However, when the sample management unit is introduced into the
blood treatment unit, the syringe 10 is placed into an operating
state from the lower power state. Such a transition may be effected
via a mechanical switch which is closed before insertion of the
sample management unit into the blood treatment unit, or the switch
is closed by the blood treatment unit following insertion of the
sample management unit into the blood treatment unit. Other ways
include an electronic switch actuable by an RF signal or a DC
signal from the blood treatment unit, or a DC magnetic reed relay
enabled by a magnet in the blood treatment unit. The batteries 36
may be removed after a single use of the syringe 10, in order to
allow for proper recycling in compliance with environmental
regulations. In order to facilitate easy battery installation or
removal, the batteries 36 may be placed on a tray which is slidably
received by the battery compartment 34.
[0049] As shown in FIG. 2, the syringe inlet port 15 includes
bayonet pins 38 extending outwardly therefrom, which engage
complementary grooves in a collar portion of a blood treatment
chamber receptacle for coupling thereto. Similarly, a valve element
40 is located in the channel 26 and biased to a closed position
against a valve seat 42 on an end cap 44 forming the outer end of
the syringe inlet port 16. The valve element 40 is also aligned for
abutment with a valve actuating element which is positioned in the
chamber receptacle. The valve actuating element is thus operable to
displace the valve element 40 from its closed position against the
valve seat 42 to allow fluid flow therethrough.
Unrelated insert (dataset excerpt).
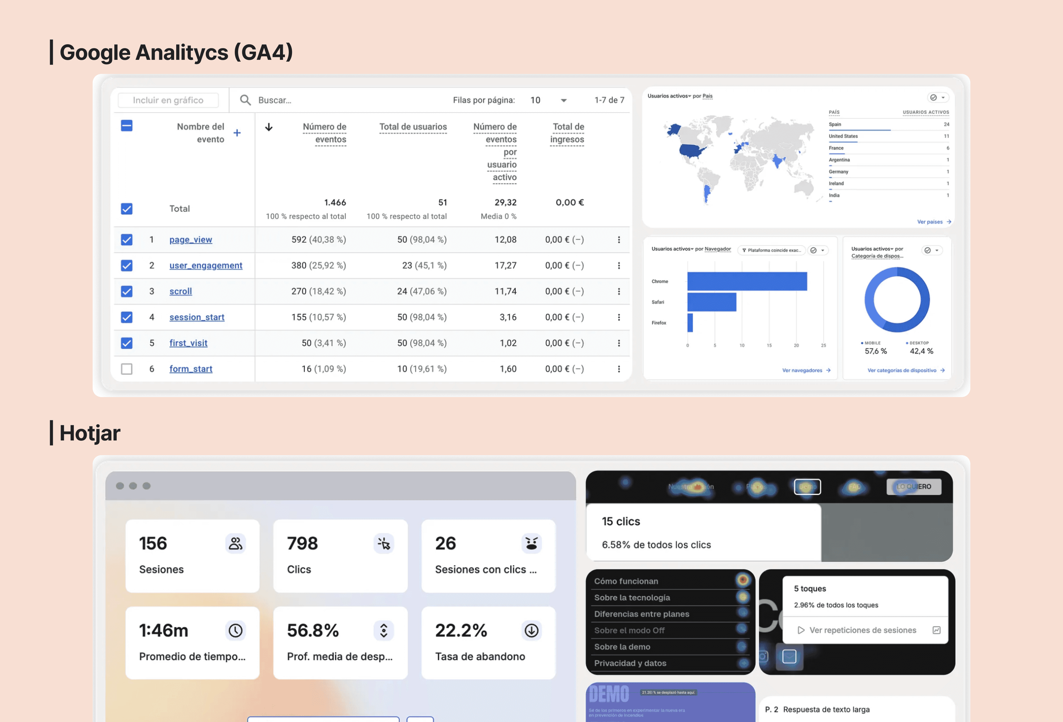 The landing was published without paid campaigns to observe organic interest and comprehension, using GA4 and Hotjar to track engagement and behavior. Early signals show strong exploration and scroll depth, with mobile as the primary device. While form completion was low, indicating friction or technical issues, it is still early to draw final conclusions. Ongoing monitoring and iteration will help validate trends and guide next improvements.

[0050] The blood transfer portion 22 is further provided with a
releasable lock means shown generally at 30 for operating the
syringe outlet port 16 between an open position and a closed
position. As will be described, the locking mechanism 30 is
operable in response to a release signal from the PCB 32, as shown
in FIGS. 6(a) to 6(d). With the locking mechanism 30 unlocked, the
syringe outlet port 16 is operable to form fluid coupling with a
fluid fitting on a common blood sample delivery unit with a
complementary Luer 46 or similar fitting, such as the needle 48, as
shown in FIG. 7.
[0051] As best shown in FIG. 3, the syringe outlet port 16 includes
a male Luer insert 50, an outlet valve means generally shown at 54
for opening and closing the access to the fluid channel 24 to
control the flow of the blood sample therethrough. The male Luer
insert 50 includes an opening 56 and a thread for the Luer fitting
for coupling with female Luer 46 of a needle 48. The outlet valve
means 54 includes a valve element portion 58, a valve seat portion
60, and first actuating means generally shown at 62 for actuating
the valve element portion 58 relative to the valve seat portion 60.
A pair of resilient members 64, such as a spring, biases the outlet
valve means 54 in a closed position. As will be described, the
first actuating means 62 is operable to displace the valve element
portion 58 in different directions when the syringe body portion 20
is engaged or disengaged with a female Luer 46.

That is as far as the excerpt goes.